Machine learning-augmented high-throughput catalyst design for NH3 synthesis

Project summary

Haber–Bosch process is a key industrial advancement in terms of NH3 synthesis. The process involves reaction between N2 and H2 feed streams at high pressure and temperature over Fe-based catalyst. Major thermodynamic incentives of energy efficiency and production economics are driving the research towards the development of novel catalysts which are capable of conducting the reaction at moderate temperatures and pressures. Designing a novel catalyst, to enhance the rate of a chemical reaction, is a challenging task which requires significant experimental work. Conventionally, discovery and optimization of new catalysts is done intuitively with time consuming trail-and-error based approaches.
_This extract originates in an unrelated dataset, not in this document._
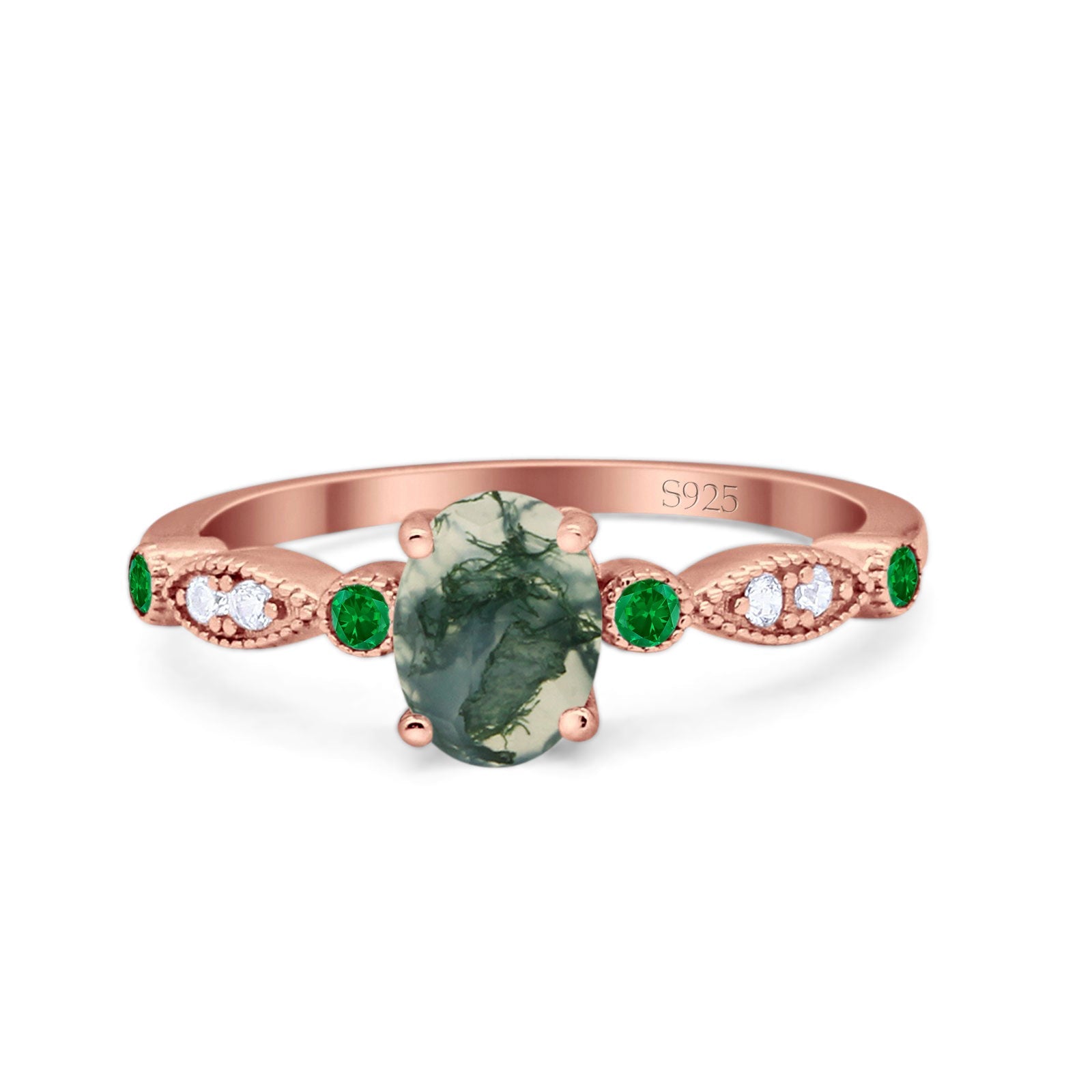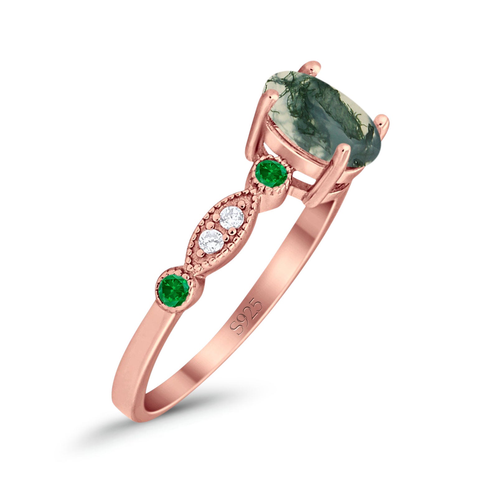 Natural Green Moss Agate Rose Tone Silver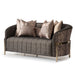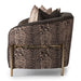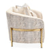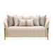 Discover elegance with our captivating loveseat, blending a striking gold metal frame, graceful curves, and chenille fabric. The alluring Tiger Eye chenille jacquard adorning the back, along with matching pillows, creates an intimate and refined ambiance.

The recent progressions in machine learning and high-throughput platforms have made it possible to rapidly screen broader spectrum of materials and identification of relevant features contributing to the targeted reactions facilitating catalyst design and discovery. Moreover, processing of big volumes of data libraries is now viable, with the improvements in computational algorithms, allowing formulation of predictive models leading to systematic process optimisations and understanding of reaction mechanisms.

 

The current PhD project overlays a broader perspective from catalyst screening towards process optimisation. The preliminary component of the project requires data generation by a combination of high-throughput screening experiments, characterizations, and data mining from literature. Subsequently, unsupervised machine learning techniques will be utilised to capture unique patterns in the data targeted towards high reactivity of lattice N2 in metal nitrides catalyst structure signifying activity in the reaction. Relevant materials will be sorted and tested for NH3 synthesis with reinforcement learning based optimiser directing the experimentation process to achieve input parameters leading to optimum process efficacy with minimum experimentation runs. Data libraries generated from this study will be extended by mapping with quantum chemistry simulations, and subsequently be used to train machine learning models with enhanced predictive capability aiding further research in this area.